Despite being thousands of miles away in another land, she is one person who has been walking this authoring journey with me. She has been a constant in this authoring journey, during the highs and the lows. It may not have struck me as significant initially, but as the weeks turn to months, I realise what a blessing and encouragement she has been. I am grateful and thankful that God has placed her in my life.

Ground Sentiment

Book matters, People

The last interview I did for the book was in November last year. Right now, I cannot remember if it was with a parent or the pastor of a special congregation. It is likely the former.

Today, I met up with Seng Wei, a father whose son is in a mainstream school but requires much learning support.
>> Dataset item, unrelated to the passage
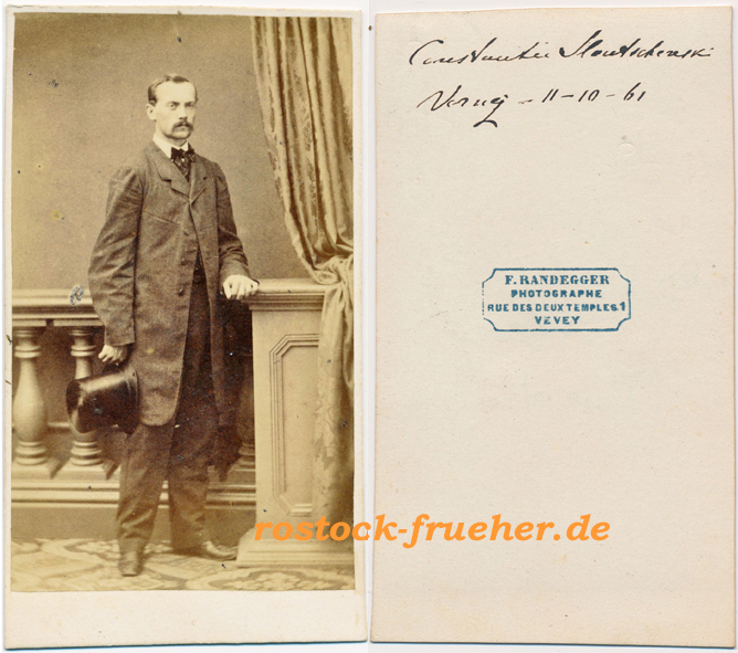 54 Bezeichnet als von Könneritz. Foto: Hanfstaengl, DresdenBezeichnet als von Könneritz. Foto: Hahn, Dresden56 Bezeichnet als von Metzsch. Foto: Hahn, Dresden57 Bezeichnet als Frau von Metzsch. Foto: Hanfstaengl, Dresden58 Bezeichnet als von Weber.59 Fräulein Fanny Stieglitz. Foto: Roemler, Dresden60 Herr von Vieth. Foto: Hahn, Dresden61 Abgebildet ist ein Geistlicher. Der Name des Präses ist unleserlich. Foto: Striegler, Kopenhagen62 Herr von Tochinsky. Foto: Büchfeldt, Dresden63 Monsieur Edouard Cheri Foto: Gorgerat, LausanneMadame Sophie Edouard Vautier Foto: Gorgerat, LausanneMonsieur Chevin66 Constantin Sloutchevski, datiert: 1861 Foto: Randegger, Vevey67 Madame Antropoff Foto: Levitsky, Paris68 Mister Mitchell Foto: Hanfstaengl, Dresden

This is the first interview I’m doing after a 10-month hiatus and I’m really thankful for the affable nature of this parent. He is candid about the situation and during our conversation, shared openly his views and opinions.

As I packed up my things after our conversation was done, a familiar sense of poignancy filled me.

Fiddling and twiddling with that feeling, I realise this is what happens each time I finish an interview with a parent whose child has special needs. I get drawn into the experience and I feel too much. This isn’t necessarily a bad thing–it’s why I’m passionate about helping families–but I need to learn emotional boundaries so that I can maintain my own mental health. This is important for me, especially when a lot of what is being related to me are heart-breaking accounts of something that had happened.

I enjoy my conversations with parents, don’t get me wrong. And I’m glad that parents are willing to open up and share their lives with me for the benefit of the book.

With a number more parent interviews to go, I will seek to strike that balance between lacking in empathy and too much empathy. Ground sentiment, instead of being dispiriting, can then be turned into positive energy that will propel me onward and towards the completion of this book.